• _Work to be completed_
Return all the data verbatim but without images.

• _Recorded information_

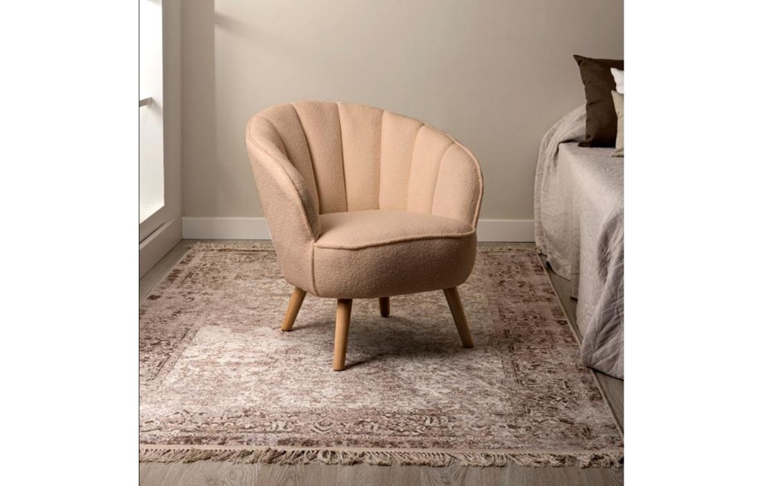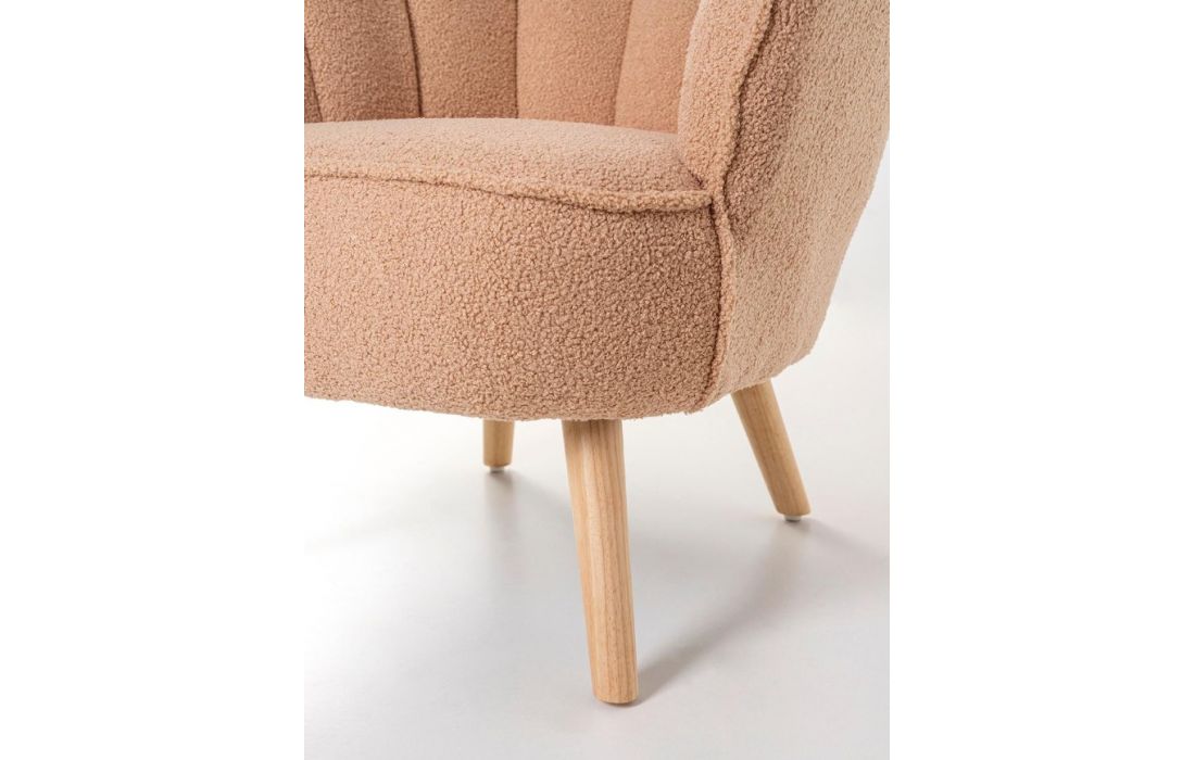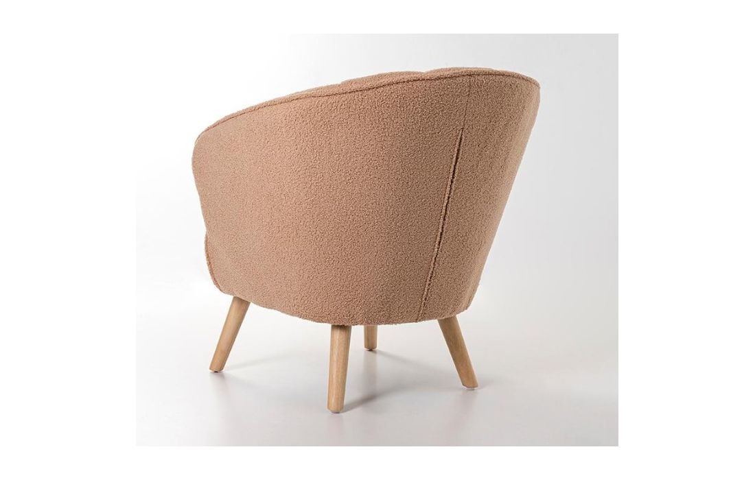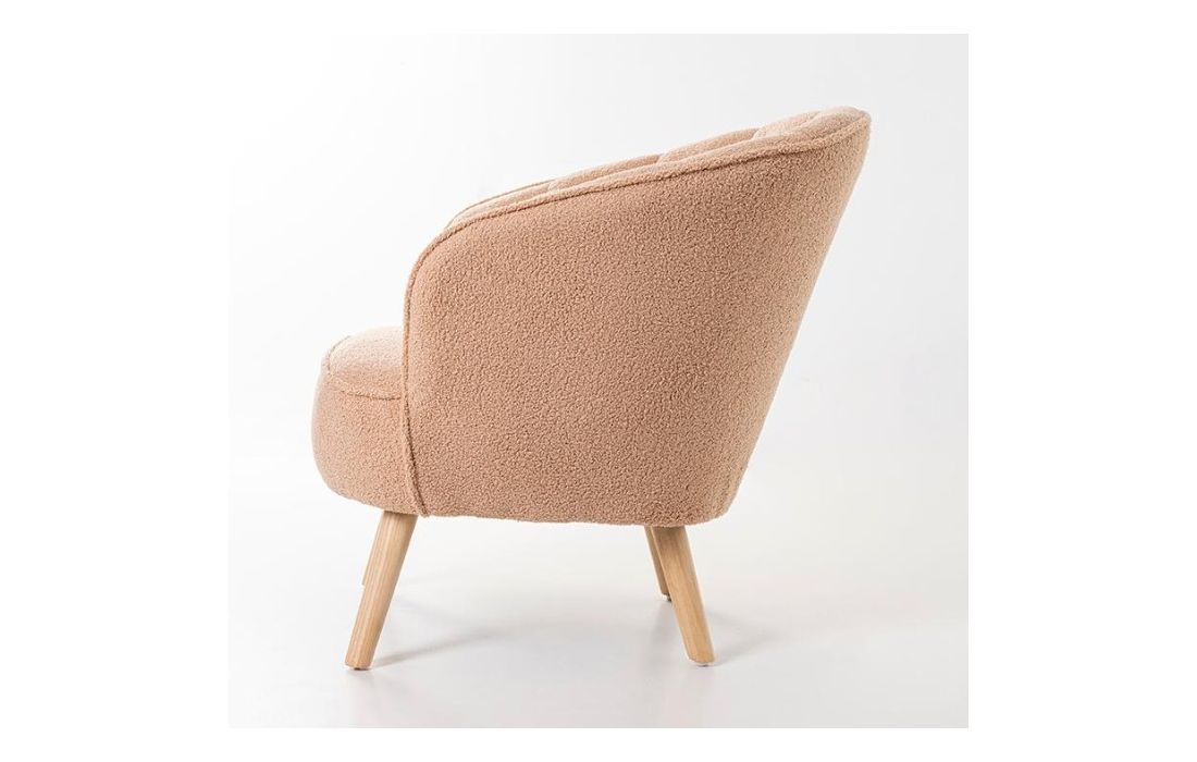 Poltrona com tecido em bouclé com pés em madeira. Cor bege.
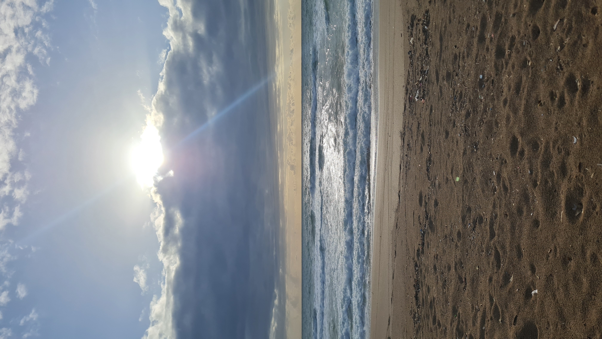 The image presents a scene at a beach in Nahariyya, Israel. The sky is partly cloudy with the sun shining brightly. The beach has sand and water. The water is choppy.
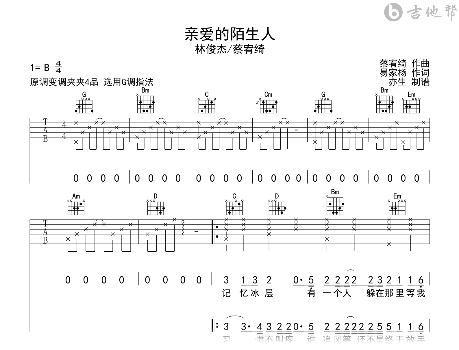 林俊杰《亲爱的陌生人吉他谱》(G调)

• _Completed exercise_
 Poltrona com tecido em bouclé com pés em madeira. Cor bege.
 The image presents a scene at a beach in Nahariyya, Israel. The sky is partly cloudy with the sun shining brightly. The beach has sand and water. The water is choppy.
 林俊杰《亲爱的陌生人吉他谱》(G调)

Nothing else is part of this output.